WORK ITEM
Nothing but the lines from the one with "Figure 3, Figure" through the end of the data should be set down, each exactly as written, and no picture should be included.
EXTRACTED MATERIAL: Begin
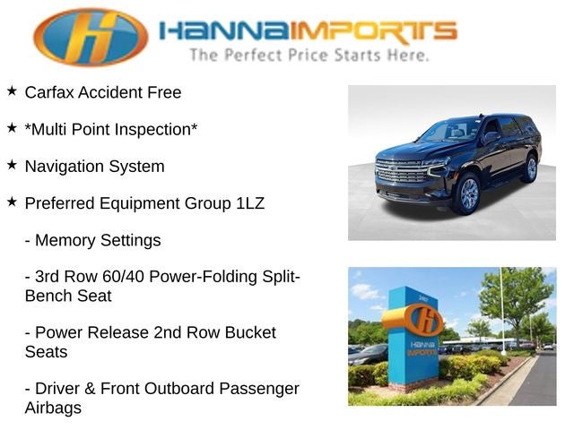 Why shop with Hanna Imports? We specialize in hand-selecting top-quality used cars, trucks, and SUVs for drivers across Raleigh, Durham, Cary, Chapel Hill, and the greater Triangle area of North Carolina. Our massive selection of 1,000+ vehicles on our Raleigh lot is carefully curated to include the most sought-after models, all priced below market value. We believe in transparency and efficiency—our vehicles are aggressively priced from the start, which means no haggling, no hassle, and no wasted time. The price you see is our absolute best price. Whether you're coming from Wake Forest, Apex, Garner, or anywhere in central NC, we’re committed to making your car-buying experience smooth, affordable, and enjoyable. Come see why Hanna Imports is one of the most trusted used car dealerships in North Carolina! Used Chevrolet Tahoe in Raleigh. Used Chevrolet Tahoe in North Carolina, Preferred Equipment Group 1LZ (1st & 2nd Row Color-Keyed Carpeted Floor Mats, 2-Speed Active Electronic AutoTrac Transfer Case, 3rd Row 60/40 Power-Folding Split-Bench Seat, Auto-Dimming Inside Rear-View Mirror, Bose 10-Speaker Centerpoint Surround Audio Sys Ft, Bright Front & Rear Door Sill Plates, Chrome Door Handles w/Body-Color Strip, Chrome Mirror Caps, Color-Keyed Carpeting Floor Covering, Driver & Front Outboard Passenger Airbags, Dual Exhaust System, Enhanced Driver Information Center, Floor Console, Hands-Free Rear Power Programmable Liftgate, Heated 2nd Row Outboard Seats, Heated Steering Wheel, Hill Descent Control, Lane Change Alert w/Side Blind Zone Alert, LED Daytime Running Lamps, Memory Settings, Outside Heated Power-Adjustable Mirrors, Power Release 2nd Row Bucket Seats, Power Tilt & Telescopic Steering Column, Rear Cross Traffic Alert, Remote Start, Safety Alert Seat, SiriusXM w/360L, Universal Home Remote, Wireless Charging, and Wrapped Steering Wheel), Tahoe Premier, 4WD, Jet Black Leather, Navigation System, 10 Speakers, 12-Way Power Driver & Passenger Seat Adjusters, 20 x 9 Polished Aluminum Wheels, 3.23 Rear Axle Ratio, 3rd row seats: split-bench, 4-Wheel Disc Brakes, ABS brakes, Adaptive suspension, Air Conditioning, Alloy wheels, AM/FM radio: SiriusXM with 360L, Apple CarPlay/Android Auto, Auto High-beam Headlights, Auto-dimming door mirrors, Auto-dimming Rear-View mirror, Auto-leveling suspension, Automatic temperature control, Brake assist, Bumpers: body-color, Compass, Delay-off headlights, Driver & Front Passenger Heated & Ventilated Seats, Driver door bin, Driver vanity mirror, Dual front impact airbags, Dual front side impact airbags, Electronic Stability Control, Emergency communication system: OnStar and Chevrolet connected services capable, Four wheel independent suspension, Front anti-roll bar, Front Bucket Seats, Front Center Armrest, Fro
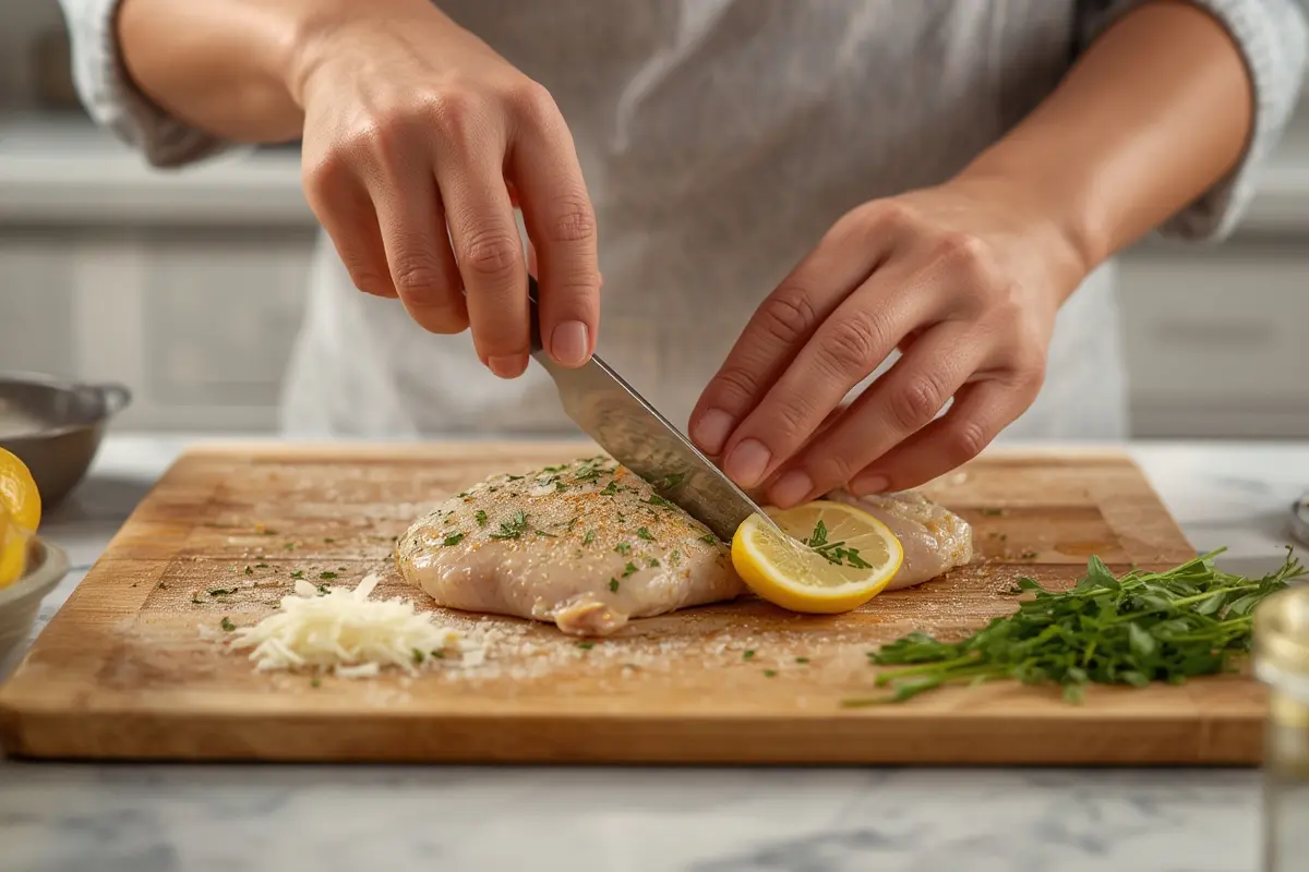 1. Prepare the chicken: Place chicken breasts between two sheets of plastic wrap and pound to an even 1/2-inch thickness. Season both sides generously with salt and pepper.
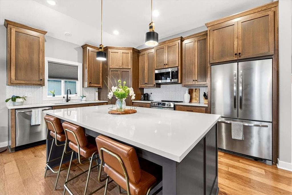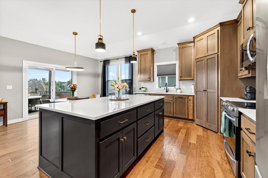 Step inside this beautifully designed home where craftsmanship meets everyday comfort. The entryway welcomes you with elegant wainscoting and flows into an open-concept main love featuring a spacious kitchen with stained cabinetry, stainless steel appliances, and a large island perfect for gatherings or meal prep.The living room offers a cozy feel with a stunning floor-to-ceiling stacked stone gas fireplace - the perfect spot to relax or entertain. Convenience meets function at the garage entry, where custom built-ins provide stylish storage and organization. The home's layout includes another living space with its own bedroom and bathroom, offering flexibility for a guest suite, home office, or hobby retreat. With its thoughtful finishes, versatile spaces, and inviting warmth, this home blends design and practicality in all the right ways.
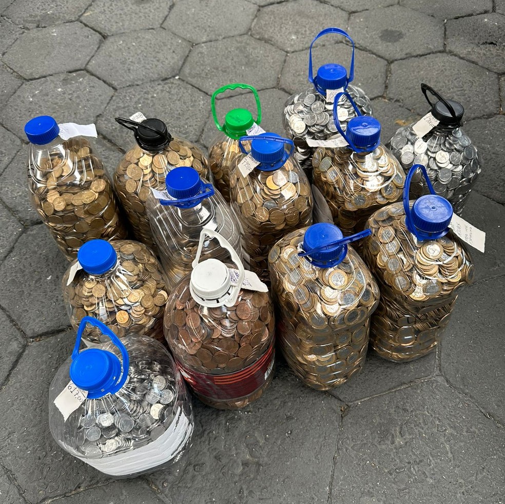 Moedas estavam dentro de galões de água — Foto: Arquivo pessoal
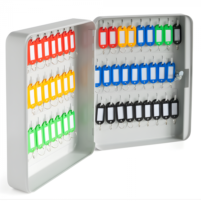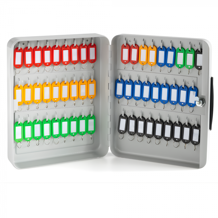 Dzięki dużej pojemności umożliwia uporządkowanie aż 54 kompletów kluczy w jednym miejscu, co ułatwia kontrolę dostępu i zapobiega ich zgubieniu.
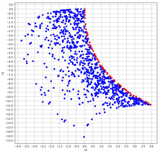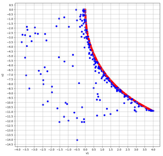 Figure 3, Figure 4 and Figure 5 show the results of searching for a set of vector maximins using the HEA MCOU (elite points in each generation are highlighted in red). Algorithm parameters: population cardinality ; ; real coding and SBX-crossover were used.
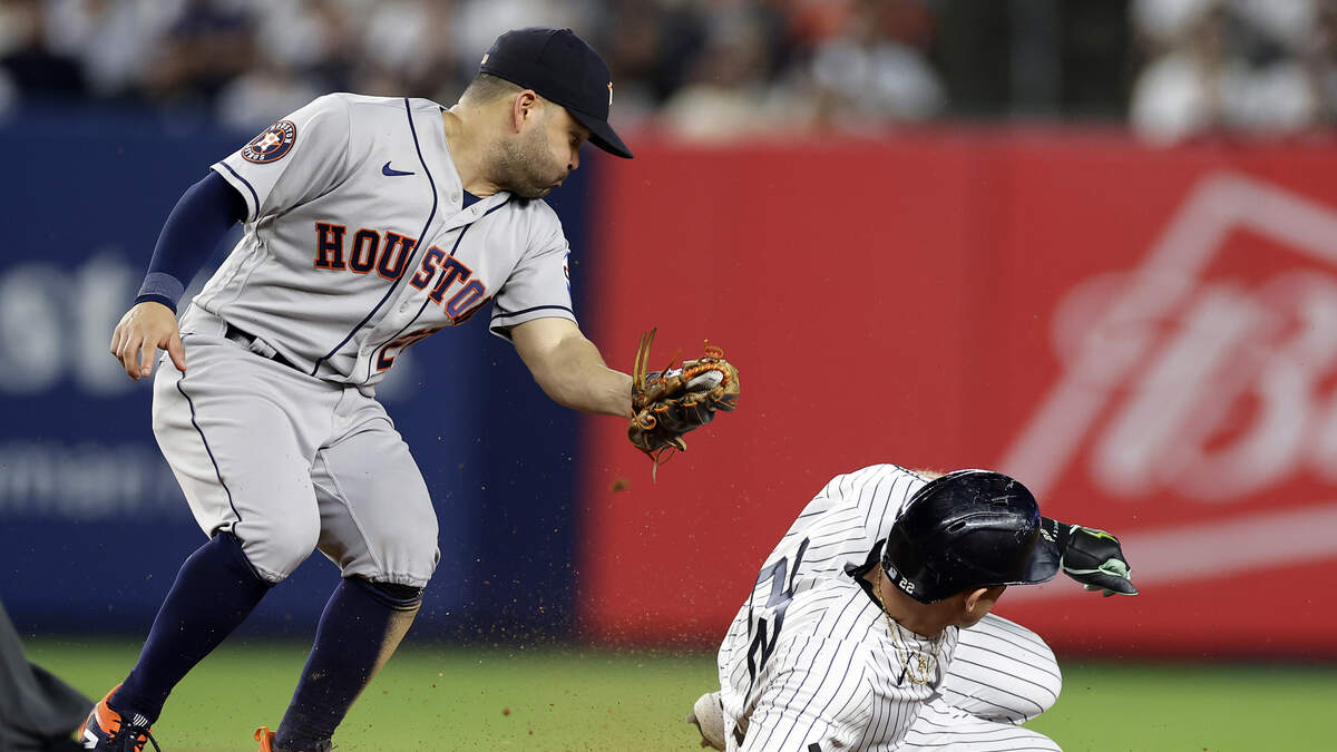 Harrison Bader #22 of the New York Yankees steals second base in front of Jose Altuve #27 of the Houston Astros during the sixth inning at Yankee Stadium on August 3, 2023 in New York City. Photo: Adam Hunger / Getty Images Sport / Getty Images
EXTRACTED MATERIAL: End
SOLUTION TO THIS TASK
 Figure 3, Figure 4 and Figure 5 show the results of searching for a set of vector maximins using the HEA MCOU (elite points in each generation are highlighted in red). Algorithm parameters: population cardinality ; ; real coding and SBX-crossover were used.
 Harrison Bader #22 of the New York Yankees steals second base in front of Jose Altuve #27 of the Houston Astros during the sixth inning at Yankee Stadium on August 3, 2023 in New York City. Photo: Adam Hunger / Getty Images Sport / Getty Images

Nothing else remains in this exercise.